EXERCISE OBJECTIVE: Return, word for word, every entry in the listing below, but not its images.

EXERCISE INPUTS:

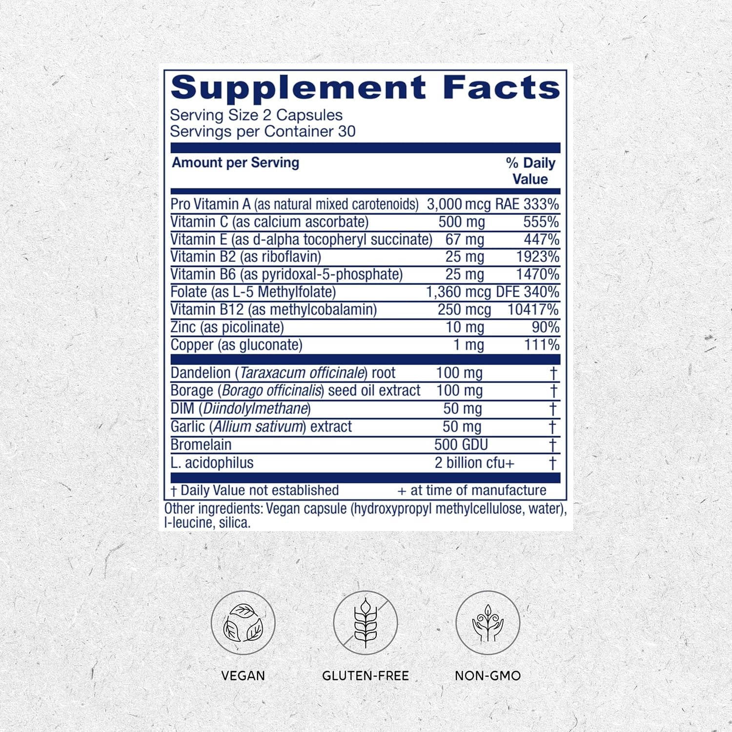 - Other supportive maintenance nutrients: Vitamin E, Borage seed oil (rich in GLA), Beta carotene and Lactobacillus acidophilus*
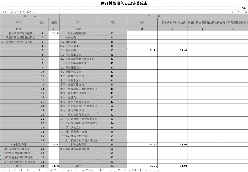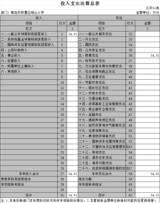 2022年度收、支总计54.91万元。与2021年度相比,收、支总计各增加54.91万元,增长100%。主要原因是2022年新建小学。
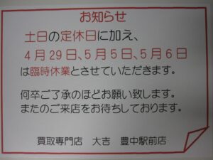 ☆お知らせ☆ゴールデンウィークの営業日に関して | 豊中駅前店
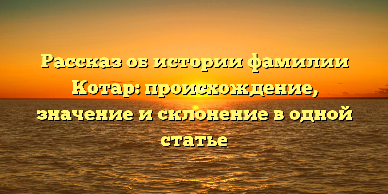 - История фамилии Котар: происхождение, значение и склонение — все об этом в одной статье!
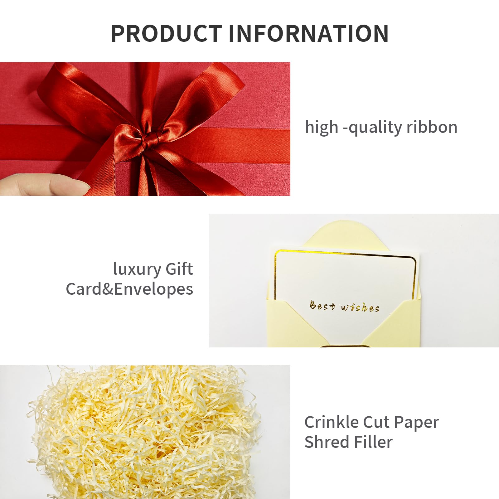 - 【Package Includes】1*Premium Red Gift Box,1*Blank Gift Card Set,1*Roll Satin Luxury Ribbon(118inch ),1*Pack of shredded filler.everything you need for a beautifully wrapped gift.Please verify the size before purchasing to ensure it meets your needs.

SOLUTION TO THIS PROBLEM:
 - Other supportive maintenance nutrients: Vitamin E, Borage seed oil (rich in GLA), Beta carotene and Lactobacillus acidophilus*
 2022年度收、支总计54.91万元。与2021年度相比,收、支总计各增加54.91万元,增长100%。主要原因是2022年新建小学。
 ☆お知らせ☆ゴールデンウィークの営業日に関して | 豊中駅前店
 - История фамилии Котар: происхождение, значение и склонение — все об этом в одной статье!
 - 【Package Includes】1*Premium Red Gift Box,1*Blank Gift Card Set,1*Roll Satin Luxury Ribbon(118inch ),1*Pack of shredded filler.everything you need for a beautifully wrapped gift.Please verify the size before purchasing to ensure it meets your needs.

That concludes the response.